Just some culture, in case of curiosity. If you take any prime $q$ that has an integral expression as $ q = 2 x^2 + x y + 4 y^2, $ such as $2, \; 5, \; 7\; 19,$ then $ z^3 + z + 1 \equiv 0 \pmod q $ has no roots in integral $z.$
For the special case of $31,$ we have $ z^3 + z + 1 \equiv (z -3)(z - 14)^2 \pmod {31}. $ For any other prime $ p = x^2 + x y + 8 y^2, $ such as $47, \; 67, \; 131, \; 149,$ then $ z^3 + z + 1 \equiv 0 \pmod p $ has three distinct roots in integral $z$ and factors as three distinct linear factors.

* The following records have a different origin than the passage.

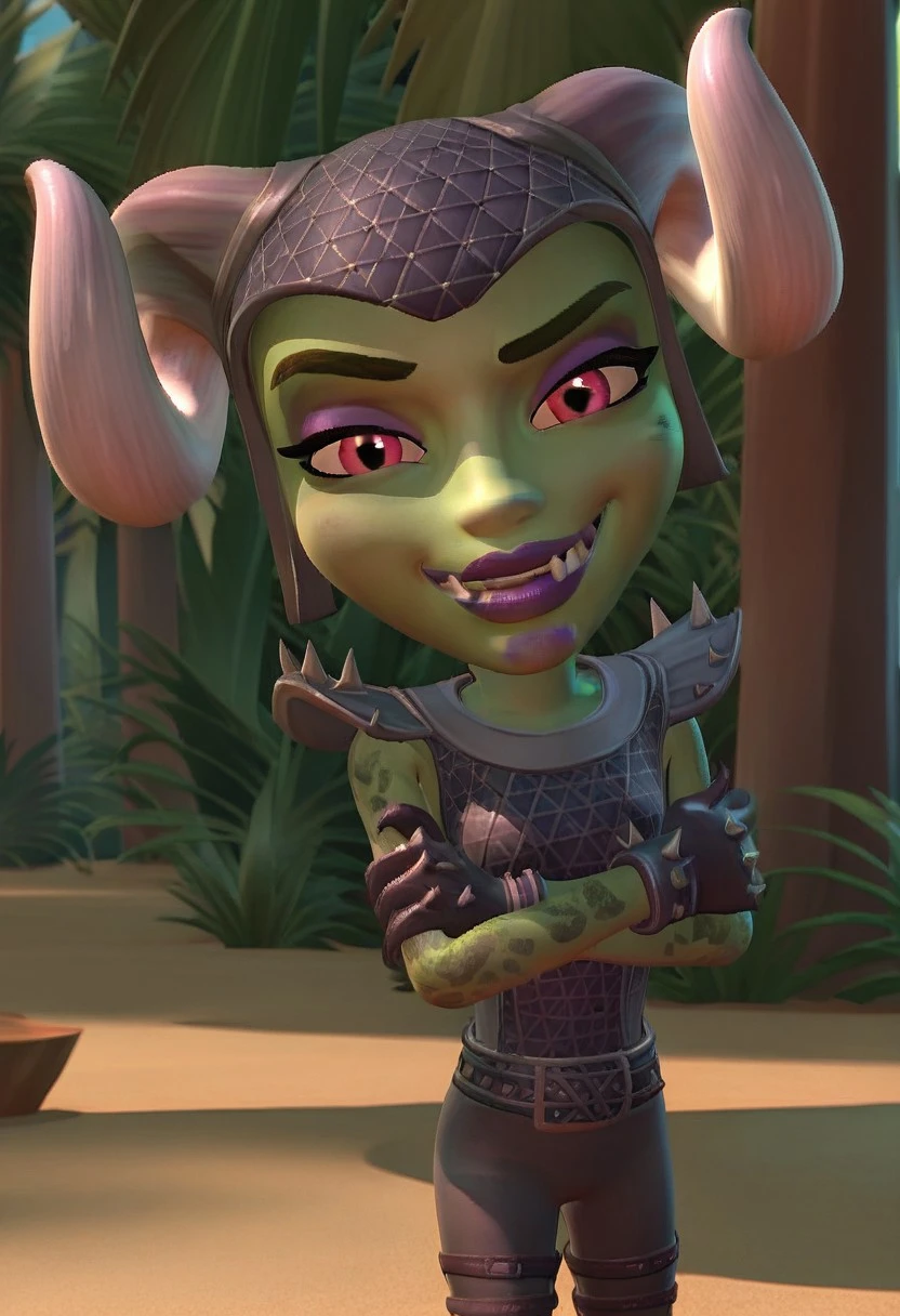 Tags: A_G_J_N, horned helmet, curled horns, green skin, alien, brown hair, fangs, purple lips, spiked pauldrons, sleeveless shirt, pants, spiked gloves, fold-over boots, spiked boots,
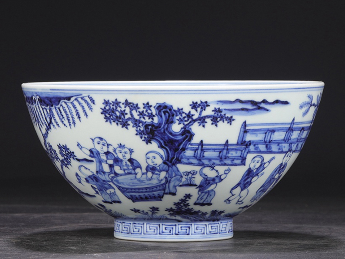 - ▽鴻▽明時代 陶磁器 大明宣徳年製 青花嬰戯図深腹碗 箱付 時代物 中国古美術 骨董品
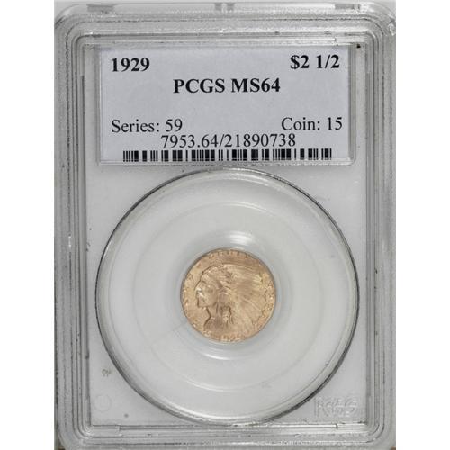 1929 $2 1/2 MS64 PCGS. A lustrous wheat-gold piece wit

For any prime $r$ with $(-31|r) = -1,$ such as $3, \; 11, \; 13, \; 17,$ then $ z^3 + z + 1 \equiv 0 \pmod r $ has a single non-repeated root, so the cubic factors as a linear times a quadratic.
Well, why not. It turns out that every integer $n,$ positive or negative or $0,$ has an expression in integers as $ n = x^2 + x y + 8 y^2 + z^3 + z,$ where we deliberately strip off the 1. The difficult question is, what integers $n$ have an expression in integers as $ n = 2 x^2 + x y + 4 y^2 + z^3 + z \; ?$ Certainly not all, $n = \pm 1$ do not work. The first few, in absolute value, that do not work are $ \pm 1, \; \pm 869, \; \pm 25171, \; \pm 21118439, \; \pm 611705641, $ these being the odd integers $u$ with $ 27 u^2 - 31 v^2 = -4. $ The first few even values of $u$ are $ 30 = 3^3 + 3, $ $ 729090 = 90^3 + 90, $ $ 17718345150 = 2607^3 + 2607, $ so these are easily expressed as $2 x^2 + x y + 4 y^2 + z^3 + z $ with both $x,y = 0.$
Well, somebody did mention the discriminant of a cubic, we have $ \mbox{disc}_z \left( z^3 + z + 1 \right) = -31 $ and $ \mbox{disc}_z \left( z^3 + z + u \right) = -4 - 27 u^2 = -31 v^2.$ So there.